Pour autant, le premier responsable de l’ANBT insiste sur la nature variable du cycle hydrologique. Une partie des précipitations est absorbée par les sols et contribue à la recharge des nappes, une autre est stockée dans les retenues, tandis que le surplus rejoint la mer lorsque les barrages atteignent leur capacité maximale. « On ne peut pas dimensionner un barrage uniquement sur la base d’épisodes exceptionnels. Nous travaillons sur des volumes régularisés, même si nous réfléchissons à retenir le maximum des eaux superficielles », a-t-il expliqué. La question de l’envasement demeure, par ailleurs, un défi structurel. Le phénomène entraîne une perte estimée à 11 % de la capacité de stockage, soit environ 1,2 milliard de mètres cubes. Abdelatif Azira relativise toutefois son impact immédiat sur la situation actuelle : « Si les barrages ne sont pas remplis à 100 %, ce n’est pas à cause de l’envasement, mais d’abord du déficit de pluviométrie». Depuis 1962, quatre grandes campagnes de dévasement ont été menées à l’échelle nationale, avec des opérations en cours sur plusieurs barrages, dont Hamiz, Bouhanifia et Fergoug. Des actions préventives sont également engagées, notamment le reboisement des bassins versants et le curage des oueds, afin de limiter l’érosion des sols.

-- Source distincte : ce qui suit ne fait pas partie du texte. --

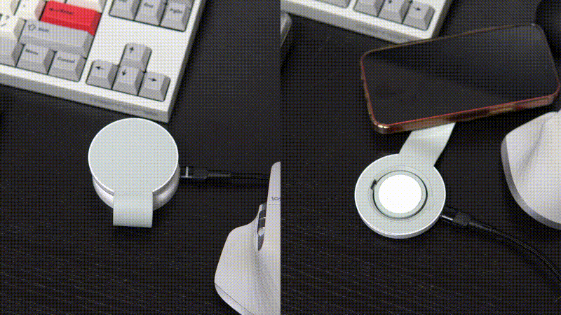 충전기를 반대로 겹치면 충전 중에도 거치대의 역할을 할 수 있습니다.
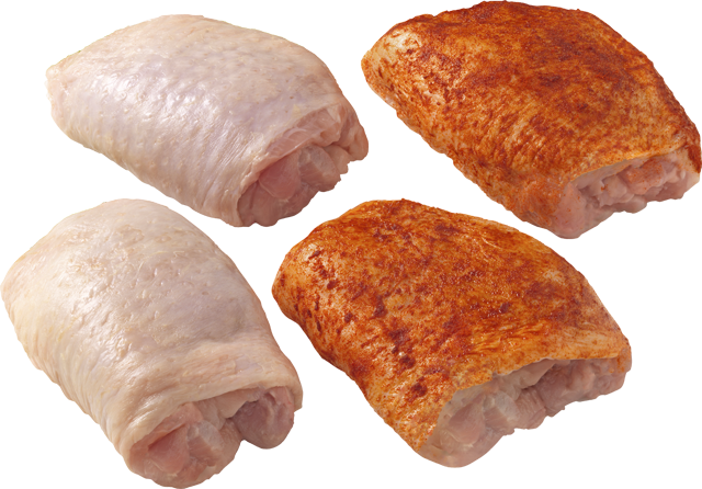 eine Hähnchenspezialität ohne Knochen, aus der Keule, auf Wunsch auch gewürzt, 100 g

Le parc national de barrages en phase d’élargissement

Le parc national compte aujourd’hui 81 barrages et devrait atteindre 87 unités d’ici environ une année. Plusieurs projets sont en phase finale, à l’image du barrage d’Oued Djedra à Souk Ahras, déjà réceptionné et rempli à 100 %, ou encore celui de Lazreg à Khenchela, dont la structure principale est achevée. D’autres ouvrages affichent des taux d’avancement compris entre 80 et 86 %, avec des capacités de stockage allant de 35 à 97 millions de mètres cubes. À terme, cinq nouveaux barrages devraient ajouter environ 260 millions de mètres cubes de capacité supplémentaire.En matière d’affectation des volumes, la priorité reste l’alimentation en eau potable, même si l’irrigation mobilise des quantités importantes. En 2025, près de 952 millions de mètres cubes ont été délivrés pour l’irrigation, contre environ 215 millions pour l’alimentation en eau potable à partir des eaux de barrages. La répartition fait l’objet d’arbitrages au niveau ministériel. « Il existe une commission qui regroupe plusieurs acteurs pour assurer une répartition équitable des quotas entre l’alimentation et l’agriculture », a précisé le directeur général.

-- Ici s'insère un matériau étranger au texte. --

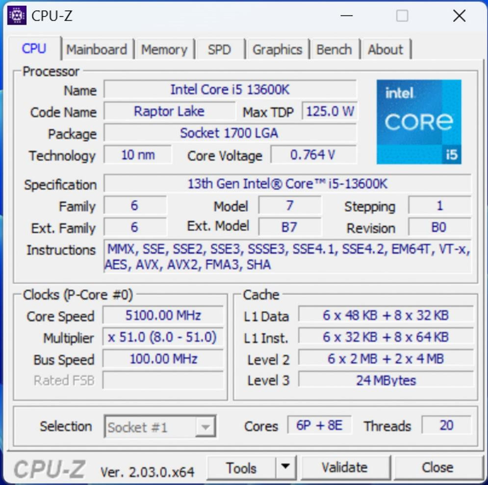 Sử dụng phần mềm CPU-Z quen thuộc, Core i5-13600K đã thể hiện được sức mạnh của mình với khả năng xử lý mượt mà trong cả các bài test đơn nhân và đa nhân.

Le dessalement, pilier central de la stratégie hydrique à l’horizon 2030

La stratégie nationale repose désormais sur la diversification des ressources. À l’horizon 2030, la feuille de route prévoit une structure d’approvisionnement en eau potable reposant à 60 % sur le dessalement de l’eau de mer, 20 % sur les eaux superficielles des barrages et 20 % sur les eaux souterraines. Le développement des stations de dessalement et du traitement tertiaire des eaux usées doit réduire la pression sur les retenues et contribuer à la reconstitution des stocks. Plusieurs grands transferts hydrauliques sont déjà opérationnels, dont un projet permettant d’acheminer jusqu’à 80 000 m³ par jour vers Béchar, tandis qu’un autre transfert assure environ 30 000 m³ par jour. Un méga-projet de transfert sur près de 750 kilomètres, équipé de plus de 26 forages et de multiples stations de pompage, est également entré en service pour sécuriser l’alimentation de zones sahariennes.

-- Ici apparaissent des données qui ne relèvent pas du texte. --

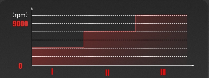 Швидкість розділена на 3 передачі та збільшується на одну передачу кожного разу, коли натискається кнопка

Malgré l’amélioration actuelle, l’ANBT appelle à ne pas relâcher les efforts. « Même si la situation est nettement meilleure que l’an dernier, nous continuons à travailler avec la même pression et la même démarche. Il y aura des quotas supplémentaires, mais la vigilance reste de mise », a affirmé Abdelatif Azira, insistant sur la rationalisation de la consommation et l’introduction de technologies d’économie d’eau. Selon lui, le pays est aujourd’hui « armé et préparé » pour faire face à des épisodes prolongés de sécheresse, grâce à la combinaison des barrages, du dessalement, des transferts et de la réutilisation des eaux usées.